Hits and Misses

MDLivdoctor_laptope: One of the fastest-growing telemedicine startups where patients can register in minutes to speak with a board certified physician by email, on the phone, or in a video call.

Can exercise reduce cancer risk?

By the end of 2015, roughly 75% of Medicaid beneficiaries will be enrolled in a private managed care plan.

Around 50 percent of the SP500′s earnings are generated overseas…This means that our stock market is to some extent decoupled from our economy.

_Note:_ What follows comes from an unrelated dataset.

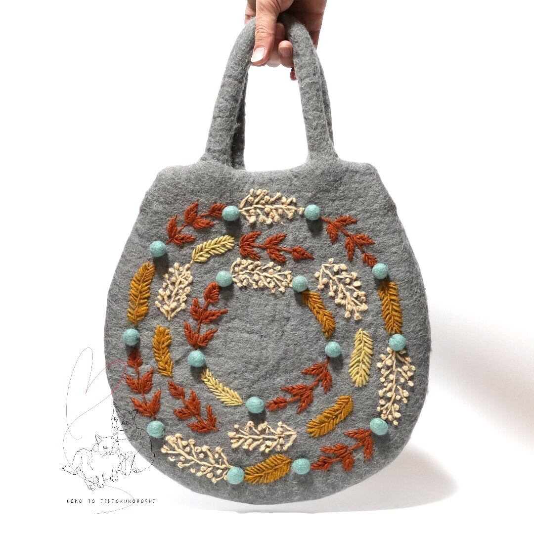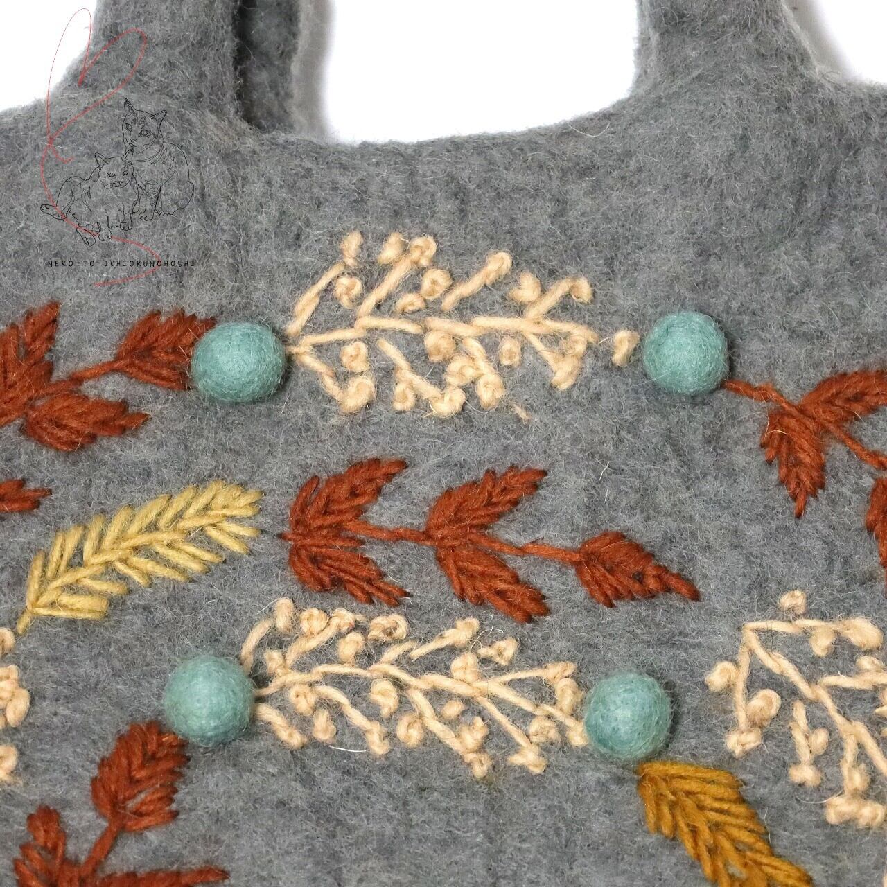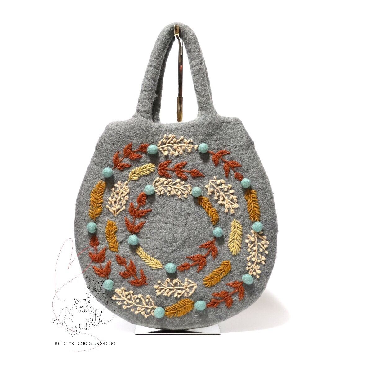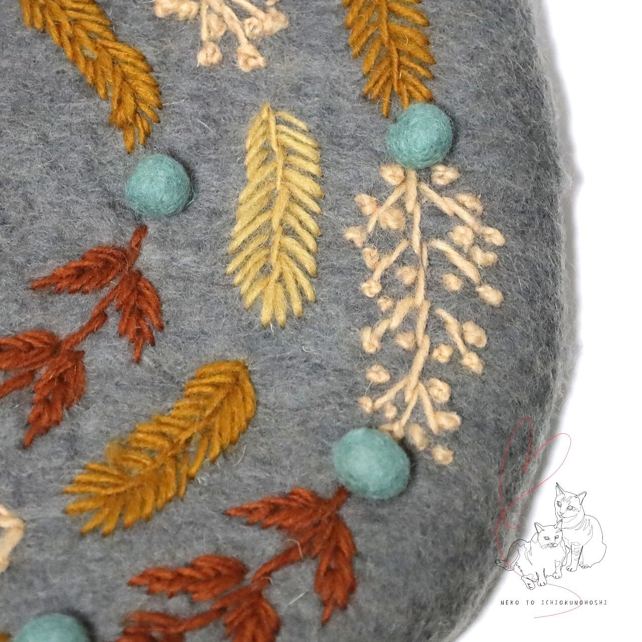 北欧モチーフのような植物刺繍をサークル状に配置し、リースのような優しい雰囲気に仕上げたウールのフェルトバッグです。

Government scientists deliberately giving volunteers the flu.

Comments (15)

Trackback URL | Comments RSS Feed

  1. Matthew says:

    “…telemedicine — connecting doctors and patients via a secure video line.”

    This is a really interesting innovation that will be interesting to see in the near future. However, how will doctors be able to accurately diagnose an ailment from a webcam? Or perform an annual wellness exam?

    • Walter Q. says:

      It would also be interesting if there was 24/7 coverage with the website. So if you wake up at 2 am with a cold, you can see a doctor right away.

  2. Thomas says:

    “Men who beat cancer and who burned more than 12,600 calories a week exercising, almost halved their risk of death.”

    Exercise partnered with some chemotherapy may be the solution to beating some forms of cancer.

    • Jay says:

      Alright, alright we get it, exercise is good for us.

      • Martin D. says:

        This proves once again that healthcare should focus on prevention. The article stated that early diagnose has been vital for cancer survivors to live longer. Also, that healthy life styles lead to a longer life.

        • James M. says:

          Similarly, in one of John’s blog posts from a couple of weeks ago, the body eventually wears down and cancer cells developing or spreading is more or less inevitable. There is measures to take for the sake of prevention, but also there is no one solution.

  3. Andrew says:

    “About $3,000 to compensate for their time.”

    I wouldn’t mind taking a week off with the flu if I got that kind of compensation.

    • Thomas says:

      That is nothing to be taken lightly in regards to the amount of flu-related deaths there are each year.

  4. Laura C. says:

    If 50% percent of the earnings of the S&P 500 are realized outside, isn’t that healthy for the US economy? That means that the companies are not dependents of the US market. It is a reflection that the world economy has integrated, which is a great news.

  5. Devon Herrick says:

    …men who burned more than 12,600 calories per week by exercising, were 48 per cent less likely to die than those that did little exercise and expended less than 2,100 calories a week…

    I don’t doubt that exercise is high correlated with survival. However, I wonder if the exercise is causal or related to something else. Men weakened by severe cancer may not be able to exercise. Moreover, men able burned more than 12,600 calories per week by exercising are in much better shape than those who cannot exercise that much. In addition, men who already had the capacity to exercise prior to getting cancer may not be representative of men who were more feeble prior to being diagnosed with cancer.

  6. Frank P. says:

    I think the experiment to analyze the flu is flawed. They are only testing on adults who are healthy and younger than 50. That means that those who are killed by the virus, seniors and kids mostly are being excluded from the experiment. The immune system reacts differently; children or senior’s reaction to influenza might be less effective than adults.

    • Bill B. says:

      But you also cannot conduct the experiment with the group that are the most reactive to the flu. They should test it on consenting adults who can handle the experiment, without an increased likelihood of death.

  7. Walter Q. says:

    Having access to a healthcare provider online is an attractive idea. However, using cloud-based tools, if not sufficiently protected, can be accessed with all of patient information to be compromised. New regulations for patient protection under HIPPA would need to be developed.

  8. BHS says:

    “MDLive is designed to be affordable for patients who are paying out of pocket. Individuals pay $14.95 per month for a plan, and families are charged $24.95 monthly.”

    Sounds a lot cheaper than a typical doctor’s visit!